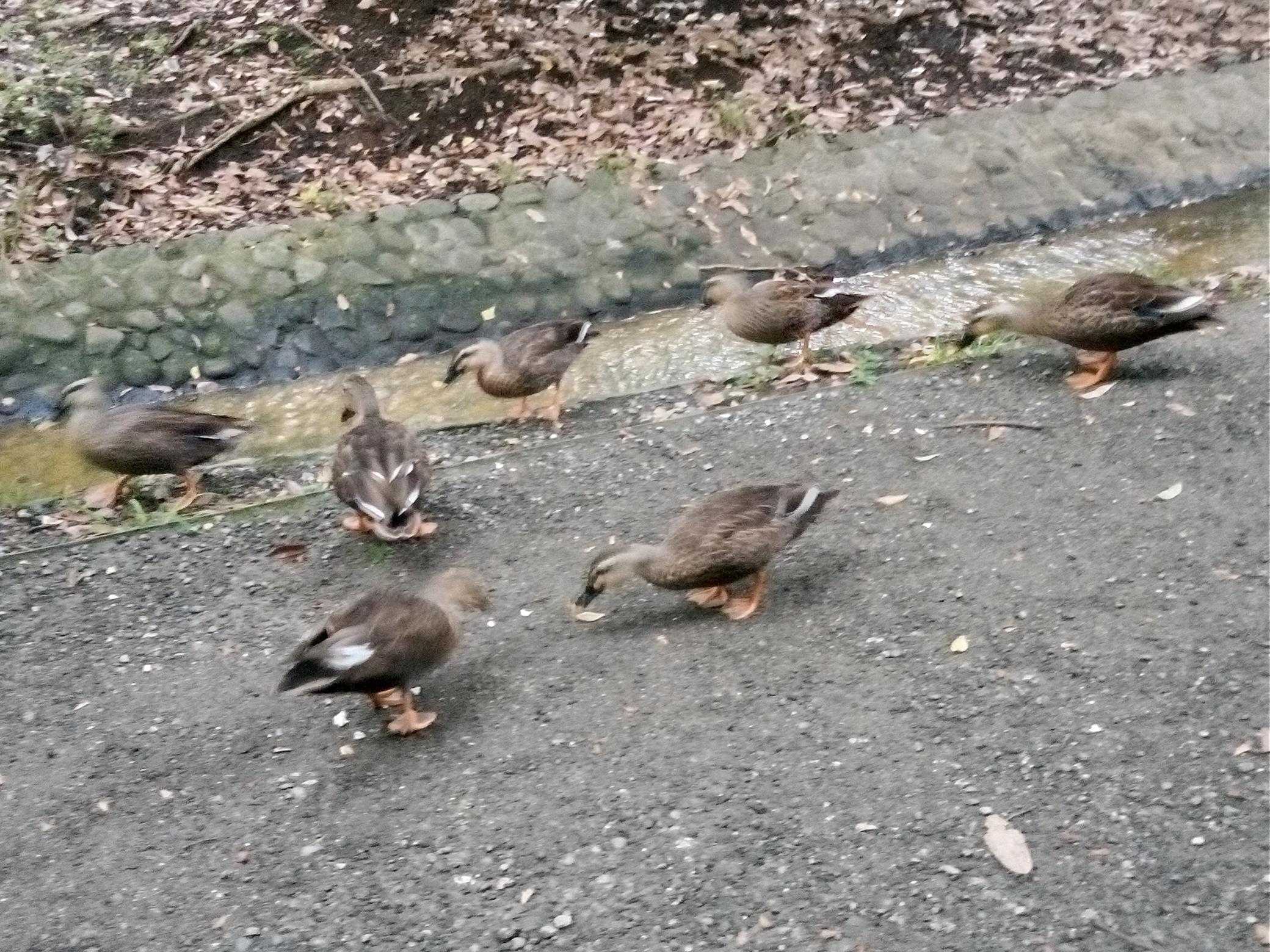 ​小川では7羽の鴨が待っていました。
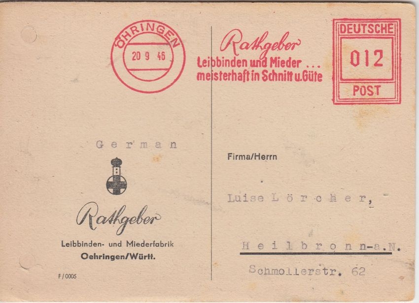 Heilbronn - Aktenlochung links sauber verschlossen - Stichwort: Textil, Mieder, Leibbinden
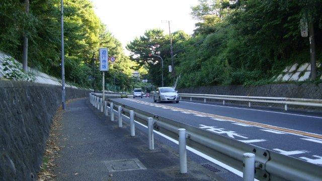 藤沢橋に向かって緩い下りの遊行寺坂が続いています。両側は一段と高くなっていますが、道路の建設に際して旧東海道を掘り下げたからなのだとか。ここには一里塚もあったのだそうですが、今は痕跡もありません。
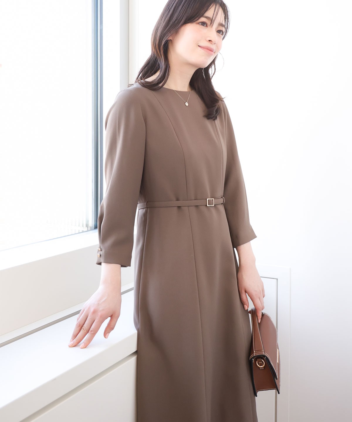 さらに、[ベルト付きタックワンピース]は、上品なシルエットを引き立てるウエストのタックと細めのベルトがポイントで、セットアップでの着用も可能です。
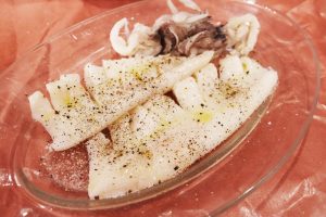 - Rinse and pat dry 1 small whole calamari and tentacles /person.
##############################
Activity — With pictures left out, repeat exactly the lines from the line bearing "さらに、[ベルト付きタックワ" through the final line of the records above.

Result for this exercise —
 さらに、[ベルト付きタックワンピース]は、上品なシルエットを引き立てるウエストのタックと細めのベルトがポイントで、セットアップでの着用も可能です。
 - Rinse and pat dry 1 small whole calamari and tentacles /person.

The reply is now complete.